[Data shown]
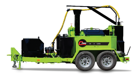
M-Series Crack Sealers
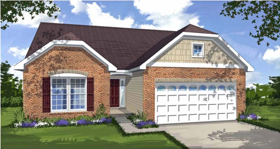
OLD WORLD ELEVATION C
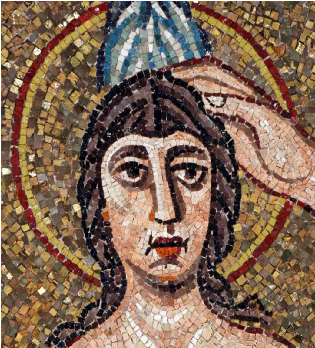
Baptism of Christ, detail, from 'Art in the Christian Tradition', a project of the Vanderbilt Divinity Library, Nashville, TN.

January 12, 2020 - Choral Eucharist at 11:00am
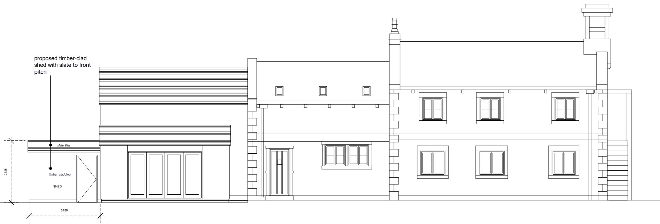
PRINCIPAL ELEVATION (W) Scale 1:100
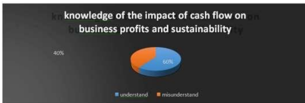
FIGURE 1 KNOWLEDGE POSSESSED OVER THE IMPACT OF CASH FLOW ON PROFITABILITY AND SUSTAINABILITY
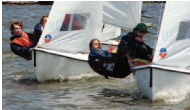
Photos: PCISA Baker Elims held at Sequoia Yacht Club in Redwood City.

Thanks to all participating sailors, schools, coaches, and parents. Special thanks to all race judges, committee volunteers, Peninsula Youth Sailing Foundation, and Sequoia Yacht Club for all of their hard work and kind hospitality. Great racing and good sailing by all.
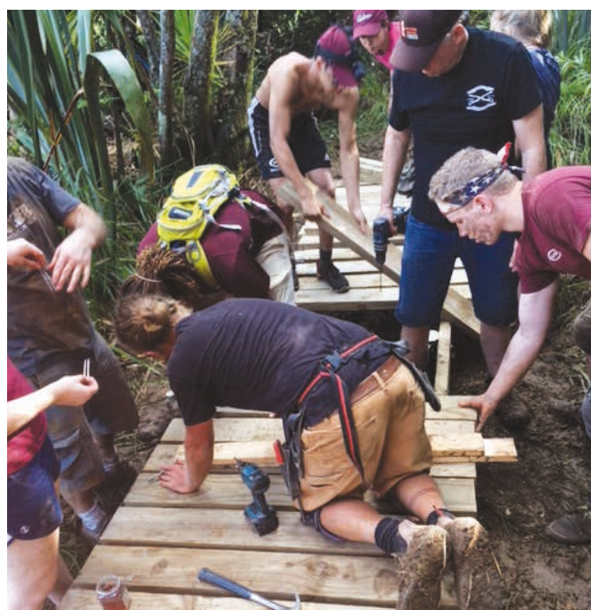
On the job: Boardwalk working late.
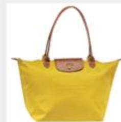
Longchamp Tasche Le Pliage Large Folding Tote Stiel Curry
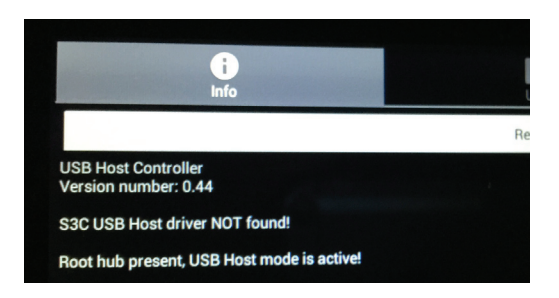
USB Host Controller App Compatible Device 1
==
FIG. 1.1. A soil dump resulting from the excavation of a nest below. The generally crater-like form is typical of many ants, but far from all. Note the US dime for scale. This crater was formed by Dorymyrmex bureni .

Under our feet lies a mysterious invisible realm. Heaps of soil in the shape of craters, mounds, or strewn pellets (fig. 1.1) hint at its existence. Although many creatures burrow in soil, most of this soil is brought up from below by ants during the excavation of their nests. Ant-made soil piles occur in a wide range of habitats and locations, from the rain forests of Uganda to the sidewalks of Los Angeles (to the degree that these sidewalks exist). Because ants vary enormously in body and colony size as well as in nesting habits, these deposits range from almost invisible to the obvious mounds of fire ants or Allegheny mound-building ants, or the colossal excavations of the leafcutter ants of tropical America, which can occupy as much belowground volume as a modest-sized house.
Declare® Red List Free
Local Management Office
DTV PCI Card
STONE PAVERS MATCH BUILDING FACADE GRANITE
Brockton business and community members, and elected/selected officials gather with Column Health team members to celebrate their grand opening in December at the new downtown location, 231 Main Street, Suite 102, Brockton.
---
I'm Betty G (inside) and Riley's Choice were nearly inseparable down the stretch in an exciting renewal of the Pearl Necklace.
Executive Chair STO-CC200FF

[Aim of the exercise] Using the data above, which lines fall from the one with "M-Series Crack Sealers" through the one with "January 12, 2020"? Repeat them exactly, ends included, minus any pictures.

[Response]
M-Series Crack Sealers
OLD WORLD ELEVATION C
Baptism of Christ, detail, from 'Art in the Christian Tradition', a project of the Vanderbilt Divinity Library, Nashville, TN.

January 12, 2020 - Choral Eucharist at 11:00am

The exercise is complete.